De la materia milagrosa
Ortodoxos les llamamos, oscuramente, a quienes no están dispuestos a soltar el esquema rígido de pensamiento que la tradición impone. Heterodoxos nos sentimos en la innovación. Ortodoxo parece, por ejemplo, la imposición de lo bueno. Pero contrasta esa idea nuestra con el hecho de que nuestra negación de la posibilidad de juzgar sabiamente lo bueno es una impostura, un disfraz que rápidamente se desenmascara, aunque la idea no se extirpe fácilmente por la comodidad que trae. La diferencia entre lo ortodoxo y su contraparte no se hace adecuadamente cuando en el campo de la opinión no puede haber rectitud alguna. Nuestra supuesta afirmación del derecho a la heterodoxia se convirtió en un mal producto ortodoxo. Un éxito incontrovertido, sin duda, pero que también posee poca legitimidad. Nuestra ortodoxia no puede llamarse así realmente porque la opinión, aunque siga siendo el terreno fértil de toda orientación moral y reflexiva, se ha uniformado de manera gris. La uniformidad no es ortodoxia, sino pobreza.

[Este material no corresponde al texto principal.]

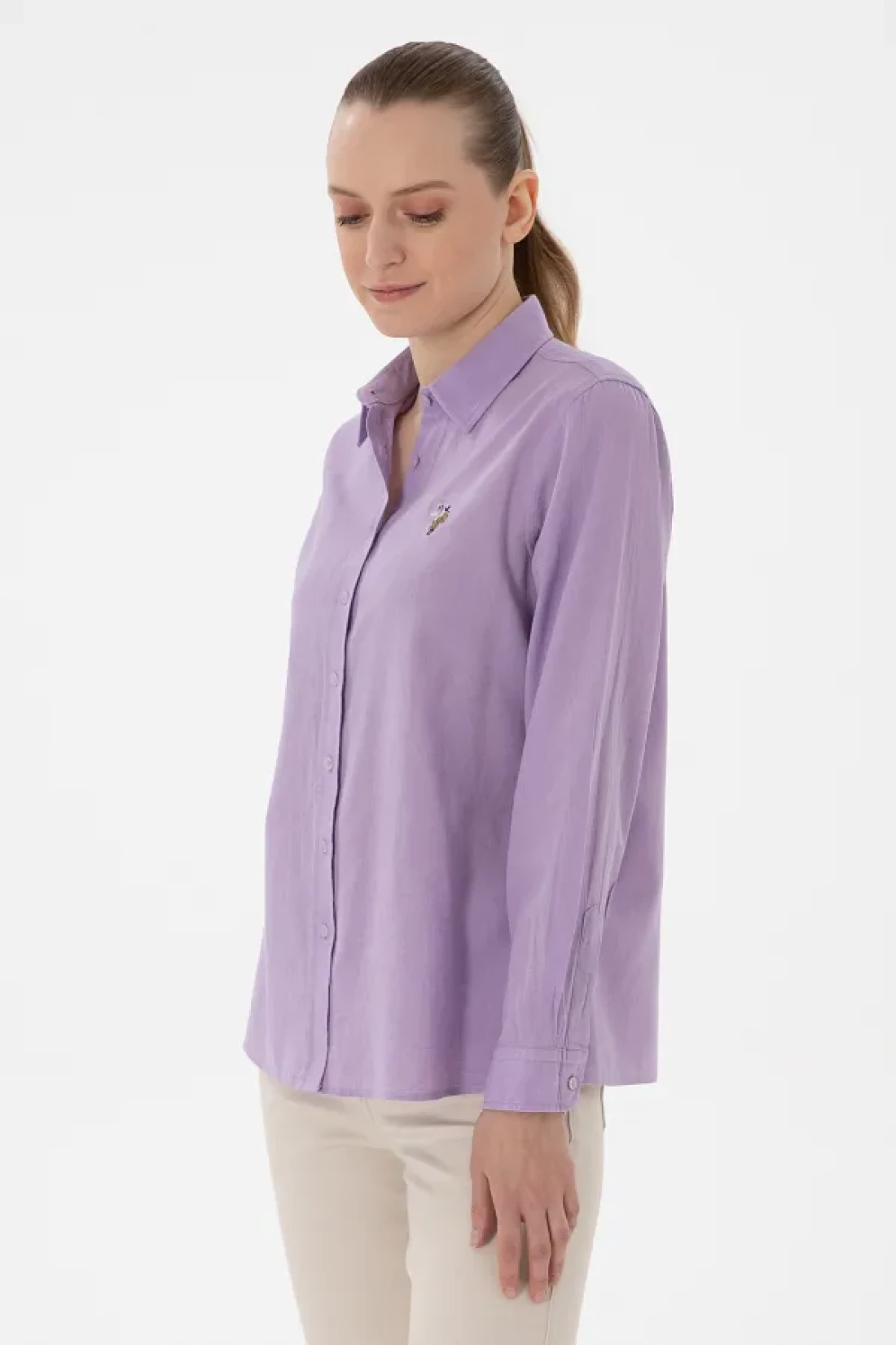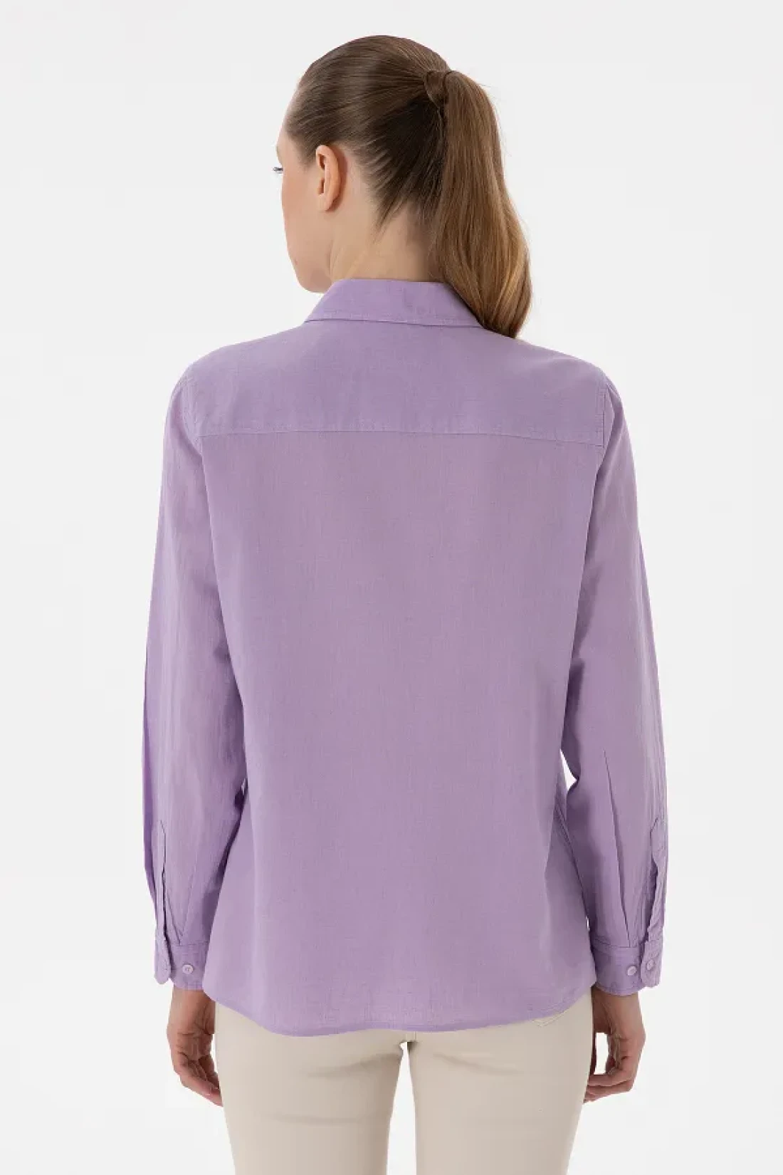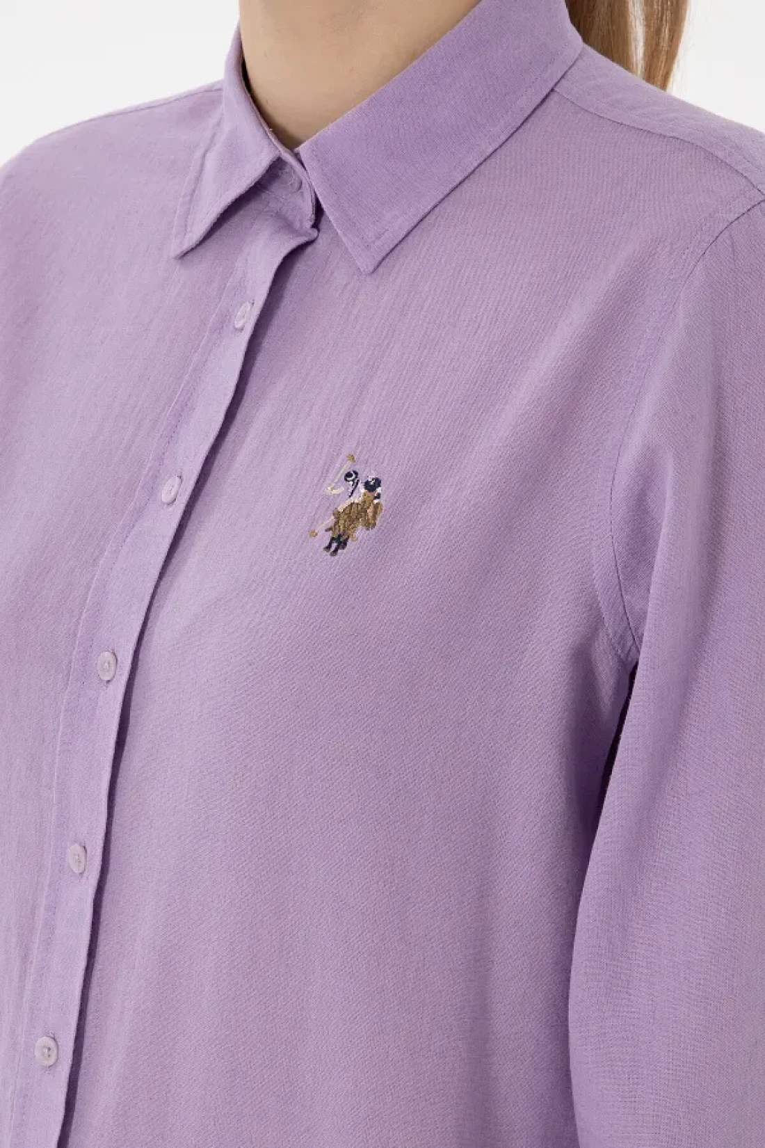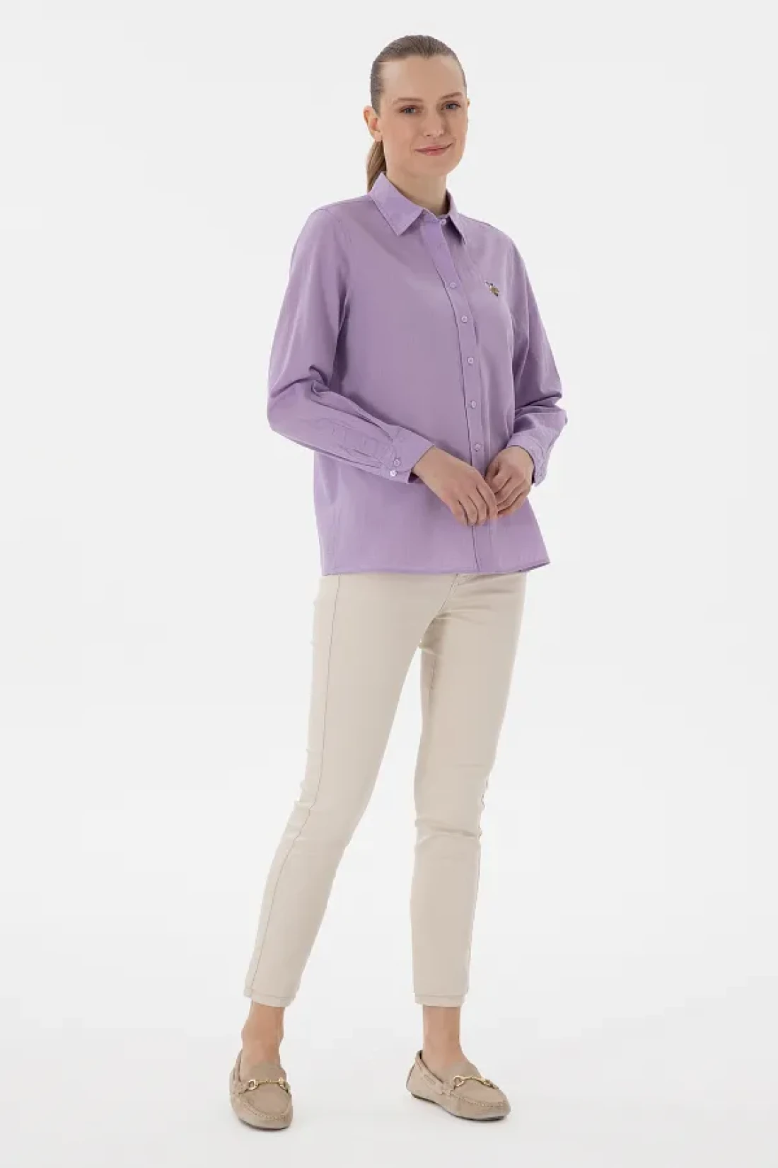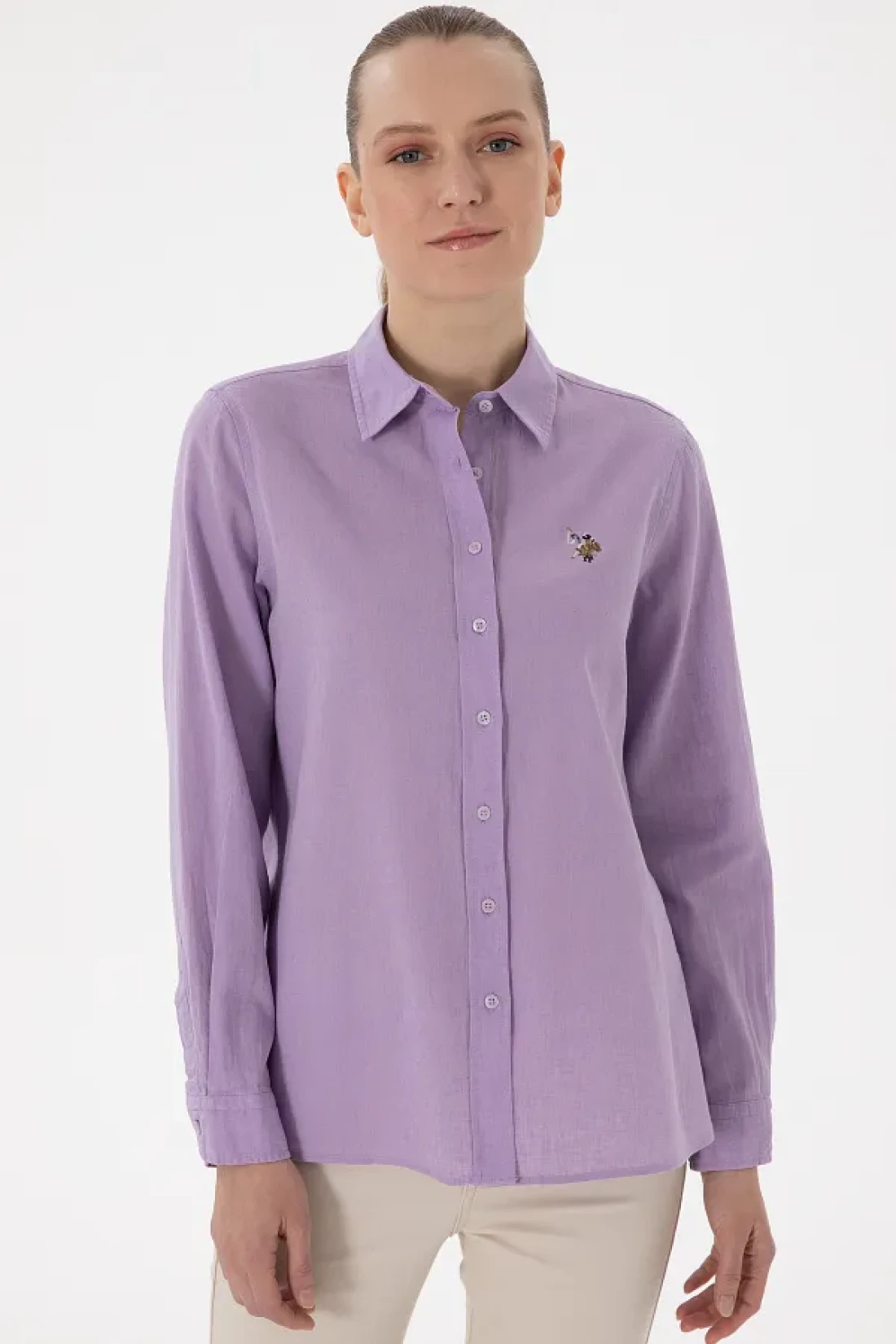 U.S. Polo Assn. Women's Lilac Linen Blended Long Sleeve Basic Shirt 50298098 -Vr034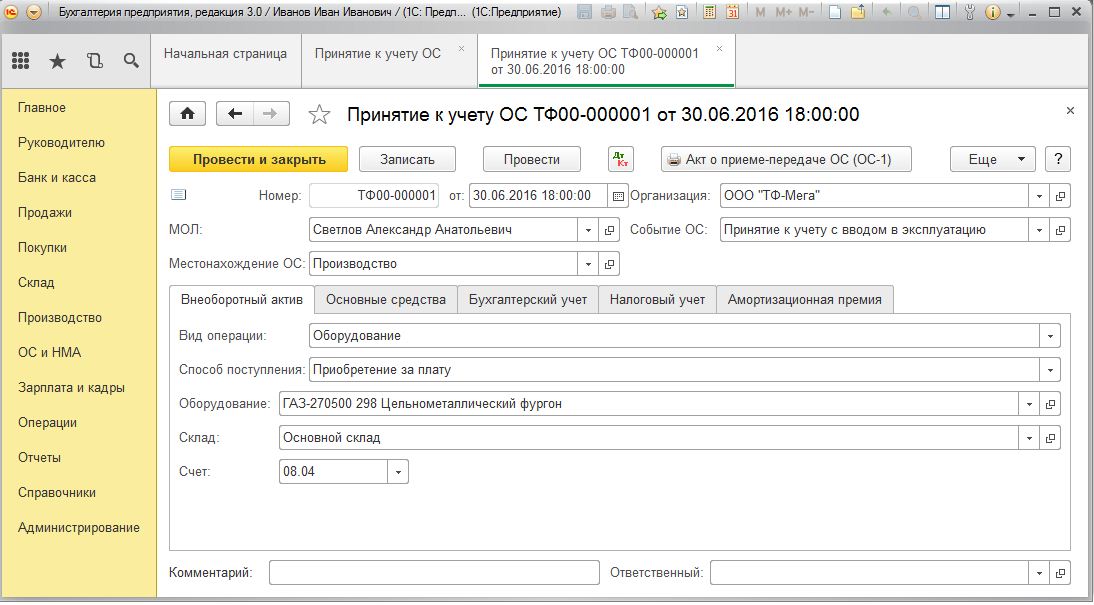 Поступление ОС в лизинг в 1С 8.3 пошаговая инструкция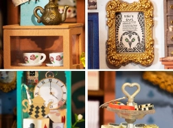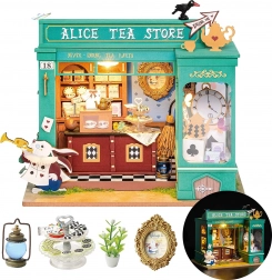 Maak je eigen magische miniatuur geïnspireerd door het verhaal ALICE IN WONDERLAND. Dit gedetailleerde DIY-huisje Alice’ theewinkel van ROBOTIME Rolife biedt LED-verlichting, tal van preciese accessoires en eenvoudige montage met een hoger aandeel voorgemaakte onderdelen. Een geweldige keuze voor creatieve ontspanning, cadeaus en stijlvolle interieurdecoratie.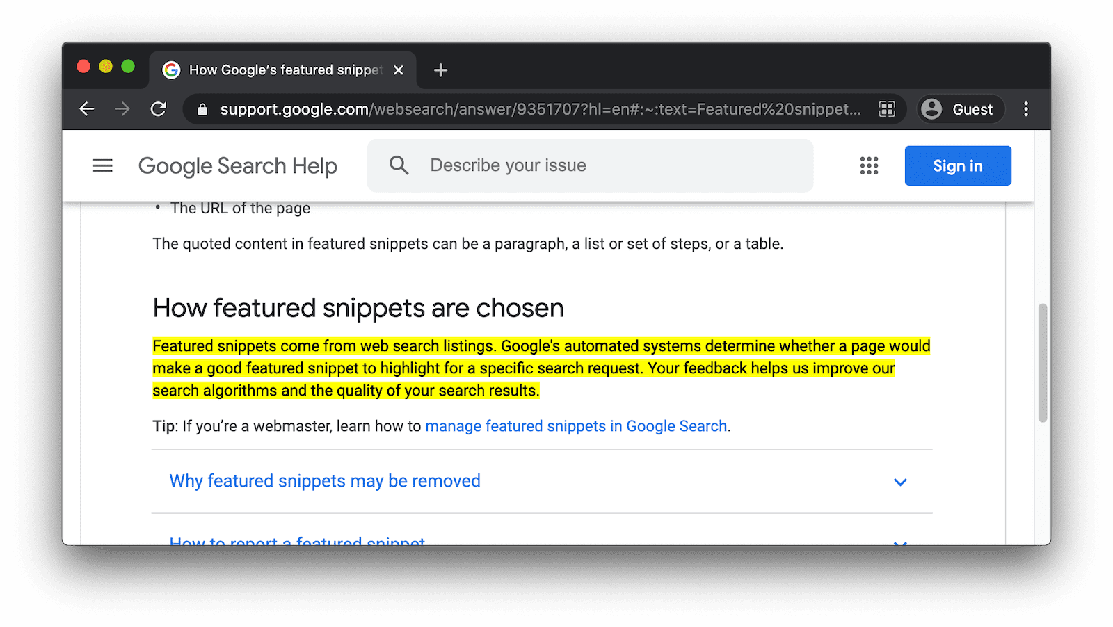 For some searches, the search engine Google provides a quick answer or summary with a content snippet from a relevant website. These featured snippets are most likely to show up when a search is in the form of a question. Clicking a featured snippet takes the user directly to the featured snippet text on the source web page. This works thanks to automatically created Text Fragments URLs.

De entre nuestras ortodoxas heterodoxias, resalta la “normalidad” del cuerpo. Por normalidad no sólo nos referimos al hecho de que nuestros congéneres aparezcan siempre bajo una materialidad semejante, sino a la normalidad instaurada por otros múltiples factores. El cuerpo es normal en el sentido también de una “norma”, que fija y rectifica nuestras aproximaciones a lo natural, lo erótico, lo social, lo político, lo imaginativo, lo onírico e incluso lo artístico. No parece que esta relatividad de ámbitos sea producto sólo de la ciencia moderna. Quizá la ciencia moderna haya sido elaborada con un atisbo primario de la corporalidad, que pudo haberse desarrollado y diseminado. ¿A qué nos referimos con la normalidad? Sabemos bien que los “misterios” del cuerpo nos han sido revelados, desde el sexo hasta los procesos cerebrales, aunque de éstos muchos nos sean todavía desconocidos. Pero ¿qué hizo de lo normal lo contrario de lo misterioso, de lo ignoto? Lo normal puede ser desconocido, aunque no por ello deja de ser evidente. Los primeros pensadores de la naturaleza lo mostraban. La norma del cuerpo es ya un presupuesto psicológico de quien busca respuestas por su actitud “normal”, entendida esta palabra como aquello que parece natural y regular. Pero esto es demasiado aventurado: lo normal no se comprende sin una especie de sorpresa que nos introduzca en ello, sin el estado verdaderamente natural de la ignorancia educable desde el que toda alma se enfrenta con este mundo, y que no nos abandona del todo mediante la sola experiencia.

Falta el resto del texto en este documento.